New York – Ten years after prominent lawyer and author Alan Dershowitz agreed to donate his papers to his alma mater, Brooklyn College, the collection of letters, case files, photos and other materials opened to scholars and the public on Monday.
The 1,000 boxes of materials include correspondence with high-profile clients including Claus von Bulow, Leona Helmsley and Mike Tyson, but attorney-client privilege will keep some of the papers private.
Brooklyn College is part of the public City University of New York system and was free when Dershowitz attended in the 1950s. He chose the college for his papers to show his gratitude for the education he received there.
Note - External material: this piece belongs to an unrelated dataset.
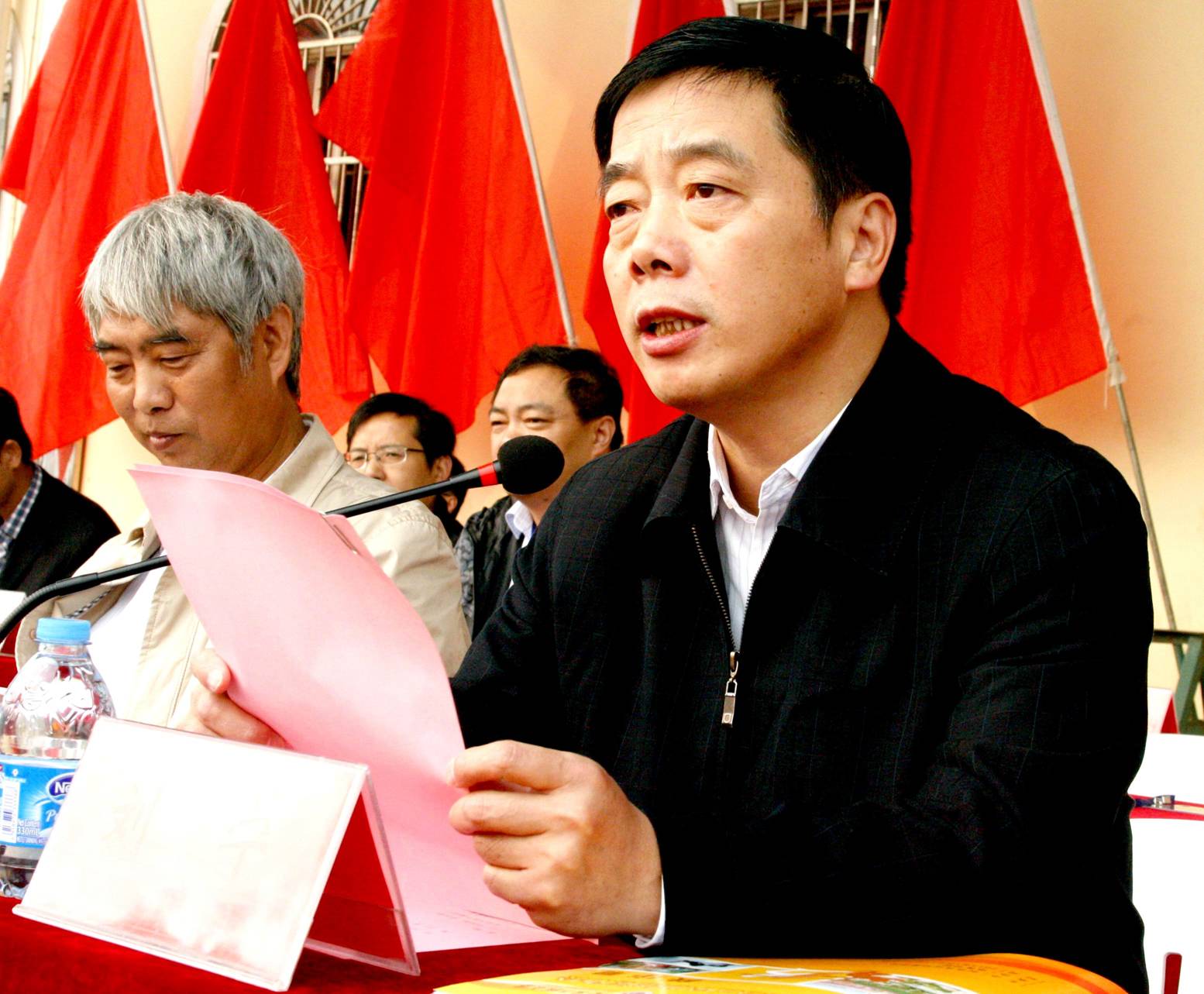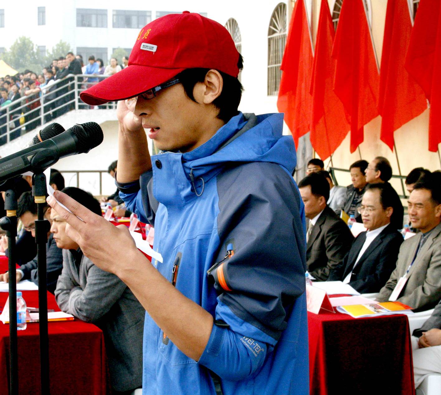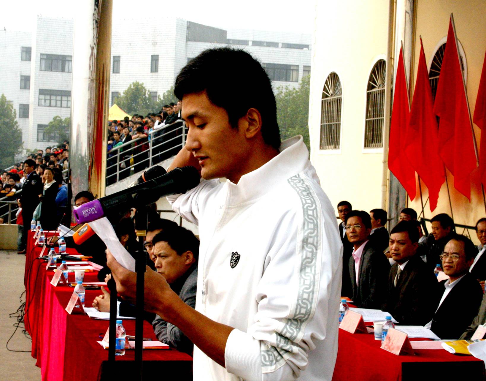 在运动员代表和裁判员代表庄严宣誓后,校党委书记陈其工宣布校第32届田径运动会正式开幕。顿时,全场响起了经久不息的掌声。

“Brooklyn College really changed my life,” Dershowitz said in a telephone interview Monday.
Dershowitz said he had “about a 68 average” in high school. “My life changed so dramatically between high school and college, basically from being a loser to being a winner,” he said.
He added, “I think I’d be selling shoes in downtown Brooklyn today if not for Brooklyn College.”
It was Professor Anthony Cucchiara, the college’s archivist, who asked for the collection when Dershowitz called with a research question in 2001.
“I asked him, ‘Have you considered where you’re going to deposit your papers?'” Cucchiara recalled. Dershowitz didn’t need much persuading.
Dershowitz, 73, went on to Yale Law School after Brooklyn College and has taught at Harvard for decades. He has written several books including “Reversal of Fortune: Inside the von Bulow Case,” the basis of the 1990 film, and is known as a passionate advocate for Israel who speaks out frequently on the Arab-Israeli conflict.
Cucchiara said it has taken the better part of a decade to classify and preserve the materials that Dershowitz donated. Another fifty boxes are waiting to be cataloged, and more documents are delivered periodically.
Dershowitz said his 50-year legal career should yield plenty of material for scholars.
“I’ve done 33 murder cases,” he said. “They’ll see how I won them. I won them by the use of science. I have all the scientific material that I used in my cases from Claus von Bulow on.”
Additionally, he cited papers from his involvement in the movement to free Soviet dissidents such as Alexsandr Solzhenitsyn and Andrei Sakharov as well as First Amendment cases from the Pentagon Papers to Wikileaks.
A selection from the Dershowitz archive will be on view as an exhibit at the Brooklyn College Library until Jan. 3.
The exhibit includes a handwritten letter from Abbie Hoffman expounding on his Jewish identity and a thank-you note from Eliot Spitzer, a 1984 Harvard Law graduate who went on to become governor of New York before resigning in disgrace. Spitzer thanked Dershowitz “for what was without question the highlight of my law school education.”